What is it? Necessarily it is a studio apartment, but by the state of the exposed cables, the exposed skirting board, the wireframe kitchen unit and the sagging, joyless bed, I am inclined to say it's "a crime scene, directly after a ransacking";
Where is it? Paddington, the Euston of the west;
What is there to do locally? Paddington is just a sprawling train station with an esoteric interchange, a museum dedicated to a made-up bear and yet another one-size-fits-all glossy London street food market invented to try to lure tourists and food influencers, and that is it. Buy a skull-sized vegan donut and throw yourself in a canal. That is what there is to do in Paddington;
Alright, how much are they asking? £1,300 pcm;
I often think of dying in my sleep, and how pleasant that will be, and that is because my bed is a haven, a paradise, nirvana in blankets, and because I have 2 x special expensive pillows made of this strange bouncy sort of foam material that does not overheat when you sleep on it and fully supports your neck; 1 x duvet that cost me entirely too much from John fucking Lewis; 3 x blankets or quilts of various thicknesses and qualities that can be layered and unlayered according to the needs of the sleeper and the temperate climate of the room at night; 1 x premium-quality memory foam mattress topper from Groupon which, ngl, was an absolute ball-ache to haul home from work, I don’t know why I had it sent here; 1 x Egyptian cotton bedsheet w/ cover and pillow cases. Every time I go to sleep I cuddle up and wish for death, honestly. What a glorious place to be, my bed is. What a simply fantastic place to die.
In related news:
Longterm fans (???????????) of this column will recognise the calling card of the London property agent, here: two small towels folded neatly (-ish: these particular towels are actually quite carelessly folded) on the bed to suggest a hotel continental-style way of living, to truss up a shitty west London bedsit in the manner of a Parisian chamber. You can imagine ambassadors sleeping here, can't you? "M-my gosh!" an ambassador says, walking into this set-up. "I— it can’t be! Two small pink towels from Primark or maybe the homeware section of a Big Sainsbury's! The luxury! The unimaginable luxury! Are we at the Ritz?"

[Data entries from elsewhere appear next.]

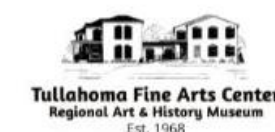
Exhibit Hall: A
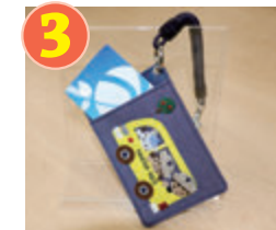
The pass case is perfect for storing the blue card.
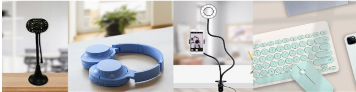
Stay selfie ready with this webcam with stand. Bluetooth headset for your online lectures. Selfie ring light with lazy pod available at SM Stationery. A pastel-colored mouse and keyboard combo for your online class set up.

lessons and schedules. Keep your kids creative with writing pads pens, as well as sketchpads for budding artists. Fun and fashionable backpacks, totes, and carry-all bags will help keep their things organized as they head off for school. All these and more are available at SM Stationery located in all The SM Store branches nationwide. For a more convenient shopping experience, check out https://smstationery.com.ph/ or ShopSM. Follow @smstationeryph on Facebook and @smstationeryph on Instagram for more exclusive deals and updates!
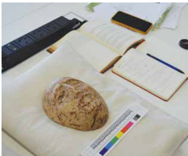
The Er-Ram Mask in the Palestine Exploration Fund collection.
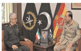
Forces calls on COAS Syed Asim Munir. He was warmly received, including a guard of honor presented by a singly turned-out contingent of the Pakistani Army.
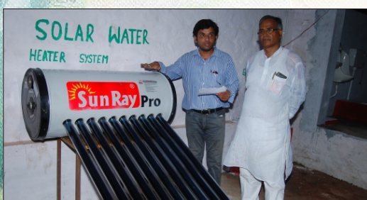
Reflecting Institute fitter laboratories during SCVT inspection
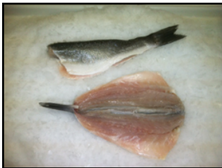
Farm Raised Butterfly Bronzino (head off / PBO, 7/9oz portions) SBWFB
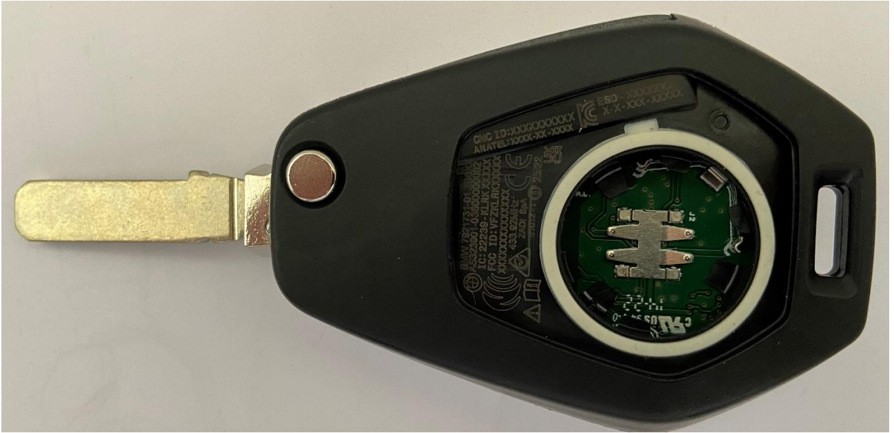
Position of the marking
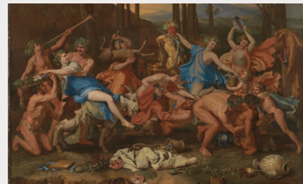
Nicolas Poussin, The Triumph of Pan, 1636 Bought with contributions from the National Heritage Memorial Fund and the Art Fund, 1982.

York Art Gallery are excited to be displaying The Triumph of Pan by Nicolas Poussin, one of the most important and influential painters of the 17th century. This display is part of The National Gallery Masterpiece Tour 2019 sponsored by Christie's.
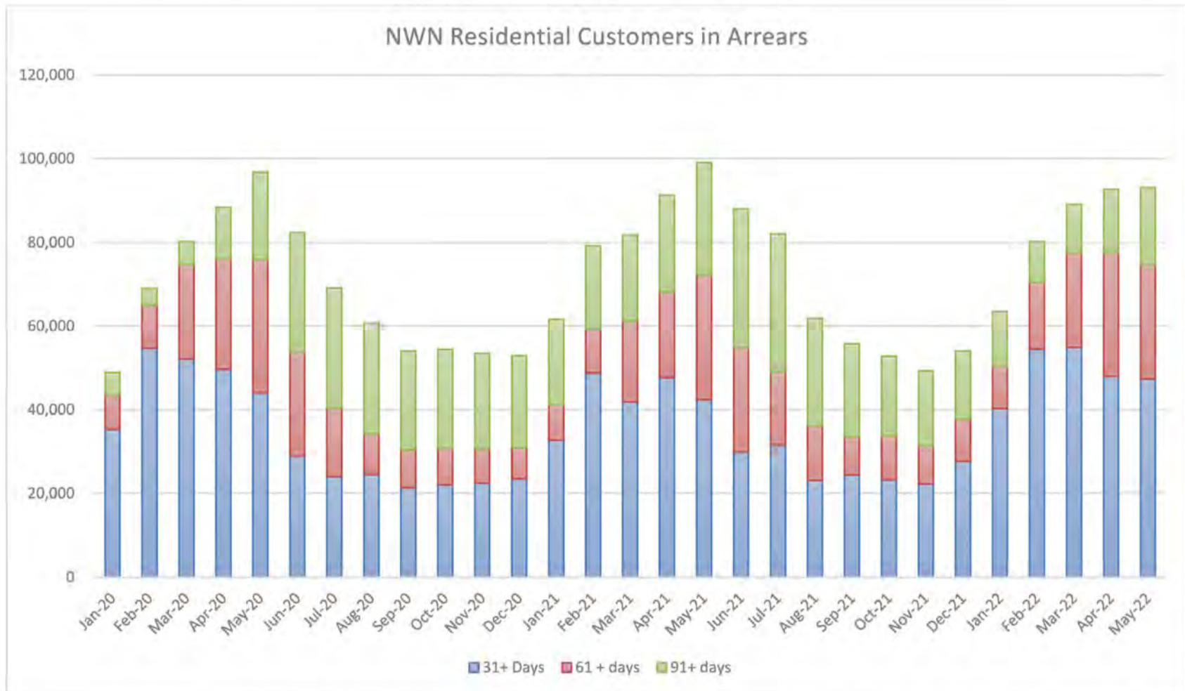
Figure 3 - Residential Customers in Arrears
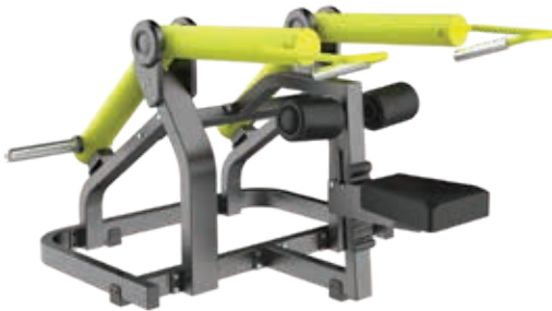
Y965S Seated Dip

Tube Thickness: 3 mm Dimension: 119 x 138 x 130 cm Weight: 135 kg
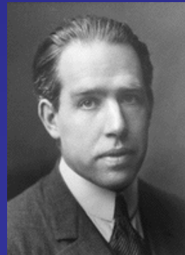
N Bohr in 1916

'The essentially new feature of the analysis of quantum phenomena is, however, the introduction of a fundamental distinction between the measuring apparatus and the objects under investigation. This is a direct consequence of the necessity of accounting for the functions of the measuring instruments in purely classical terms, excluding in principle any regard to the quantum of action' (Bohr 1959).
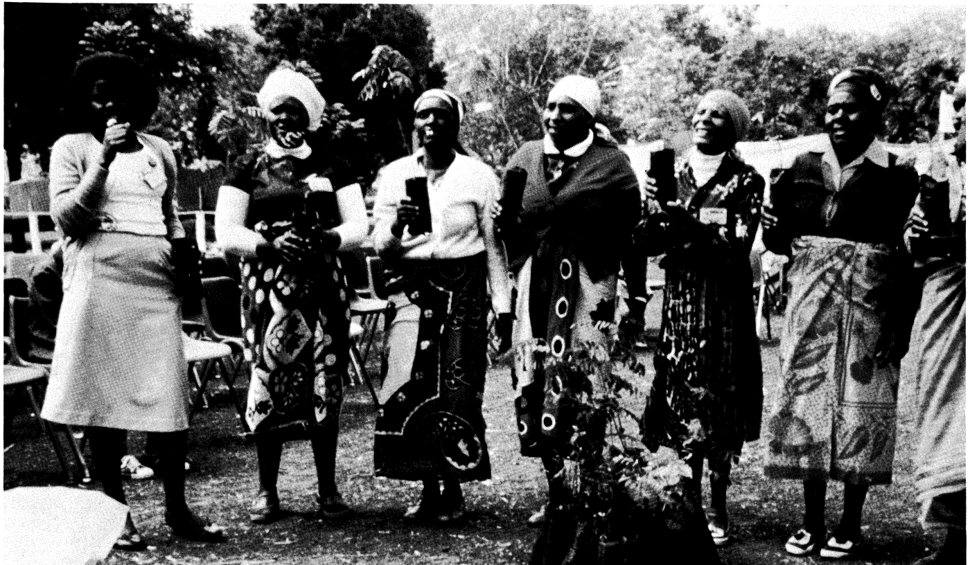
Green Belt Women's Dramatization of their Work
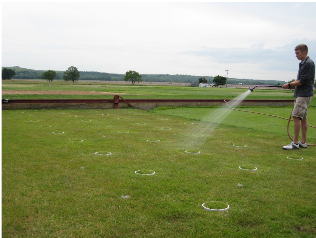
Figure 2. Plots received precise irrigation amounts based on daily ET during summer period.

But also, please pay attention to the bed: two flat pillows; one thin single duvet stretched over a double-width mattress; the mattress, raw beneath, sagging onto the two sad box frames; the general air of misery about the whole vista. Yes, we all want to die in bed, prone and comfortable. Apart from this bed. This bed would be a bad place to die.
I'm focusing too much on dying in bed: we haven't even got to the meat of this flat, which is the— well, I hesitate to use a word as strong as "kitchen", but there’s certainly a lot of metal frame doing a sort of impression of a kitchen:
Briefly imagine your life in this flat: you could run a sink full of water above an exposed pipe; store your one pan on a shelf beneath it; heat said pan on a Buzzfeed Tasty-style induction hob; go around a small bathroom alcove to gain access to your shower; walk sideways between your kitchen wireframe and the sofa that is inexplicably there, because you cannot walk directly into your flat from the front door at a normal gait; stare at your mess of black cables and what appears to be a fucking wall-mounted Megadrive as part of your entertainment system; put your fucking net curtains up properly; figure out a way to actually open your wardrobe doors while standing in front of them, because I can’t see any possible way of doing that; store things on your inexplicably huge and ominous French dresser; glue your skirting board back on; text your friends that no, you can’t come out tonight, you’re spending £1,300 a month to live here and you can’t afford to come out for pints; text your friends no, no don’t come over, honestly lads, you don’t have to come over with beers, there’s not really room for any—; ah, you’re all here, OK; yeah no if— just move that small pile of clothes off the bed – it’s easier for me to sleep next to a small pile of clothes than actually open the wardrobe every morning, you know how it is – yeah no, put it down on the floor with those pink towels; yeah, uh, no there’s no fridge so I can’t really cool these beers down but uhhh— maybe I could fill the bath with cold water and put them in there?; "How do I wash my clothes?" Heh, good question: clothes really don't need washing as often as you think, really, and also there’s a laundrette like only two tube stops over; "Why do I have an enormous and unnecessarily intimidating dresser in the corner that is seemingly only there to hold an iron I have, despite there being absolutely no visible ironing board in the entire house?" Hehe, another good one. Listen – boys I’m bushed! I absolutely have to sleep! Haha, see ya; See ya;
Yeah: sob yourself to sleep in your sagging hell bed and pray for Paddington to explode or, better, death.